Learn how to explore a data set using functions like describe(), info(), and sample().

Exercise 1

Before you start doing data science, you must import the libraries you are going to use. Use the import statement to load the polars library with the alias pl. This is the standard convention in Python. Click “Run Code.” The check mark which appears next to “Exercise 1” above indicates that you have submitted your answer.

import ... as pl

In Python, we import libraries to access their functions and data. The import statement makes the library available, and using as pl creates a short alias so we can type pl instead of polars every time.

Exercise 2

In this tutorial, you will sometimes enter code into the exercise blocks, as you did above. But we will also ask you to run code in the Python Console. (You will do this in the other Positron window, since the Console in this window is currently running this tutorial.) Example:

In the Python Console, run import polars as pl.

With Console questions, we will usually ask you to Copy/Paste the Command/Response into an answer block, like the one below. We usually shorten those instructions as CP/CR. Do that now.

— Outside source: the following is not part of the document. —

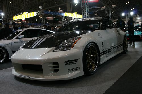 | 除了V12 Supra外,Top Secret今年展示的改裝車幾乎都沒有在動力上加以著墨,這輛Z33只在外觀、懸吊、排氣管上進行提昇,尤其在外觀方面Top Secret自行開發這套空力套件,讓Z33的氣勢提昇許多。 |

Your answer should look like:

>>> import polars as pl
>>>

Your answer never needs to match ours perfectly. Our goal is just to ensure that you are actually following the instructions.

Exercise 3

DataFrames are spreadsheet-like data structures in Polars. Let’s load the famous iris dataset. We’ll read it from a URL.

In the Console, run:

import polars as pl
iris = pl.read_csv("https://raw.githubusercontent.com/mwaskom/seaborn-data/master/iris.csv")
iris

CP/CR.

import polars as pl
iris = pl.read_csv("https://raw.githubusercontent.com/mwaskom/seaborn-data/master/iris.csv")
iris

Whenever we show outputs like this after a question, then we are showing our answer to the previous question, even if we do not label it as such.

Exercise 4

In the Console, run iris.describe(). This provides summary statistics for numerical columns.

CP/CR.

import polars as pl
iris = pl.read_csv("https://raw.githubusercontent.com/mwaskom/seaborn-data/master/iris.csv")
iris.describe()

This method provides a quick statistical overview of each numerical variable in the dataset. In some cases, the tutorial displays the same object differently from what you were able to copy/paste. And that is OK! Your answer does not need to match our answer.

Exercise 5

In the Console, run iris.sample(). This selects a random row from the dataset.

CP/CR.

import polars as pl
iris = pl.read_csv("https://raw.githubusercontent.com/mwaskom/seaborn-data/master/iris.csv")
iris.sample()

Your answer will differ from this answer because of the inherent randomness in methods like sample().

Exercise 6

In the Console, hit the Up Arrow to retrieve the previous command. Edit it to add the argument n = 4 to iris.sample(). This will return 4 random rows from the iris dataset.

CP/CR.

import polars as pl
iris = pl.read_csv("https://raw.githubusercontent.com/mwaskom/seaborn-data/master/iris.csv")
iris.sample(n = 4)

Editing code directly in the Console quickly becomes annoying. See the positron.tutorials package for tutorials about using Positron to write and organize your code.

Exercise 7

In the Console, run print(iris). This returns the same result as typing iris.

CP/CR.

import polars as pl
iris = pl.read_csv("https://raw.githubusercontent.com/mwaskom/seaborn-data/master/iris.csv")
print(iris)

You can control how many rows to display using iris.head(n) for the first n rows or iris.tail(n) for the last n rows.

Exercise 8

In the Console, run iris.head(3). This returns the first 3 rows of the iris dataset.

CP/CR.

import polars as pl
iris = pl.read_csv("https://raw.githubusercontent.com/mwaskom/seaborn-data/master/iris.csv")
iris.head(3)

head() by default gives the top of the DataFrame, so your answer should match our answer. sample(), on the other hand, picks random rows to return. But, in both cases, the result is a DataFrame.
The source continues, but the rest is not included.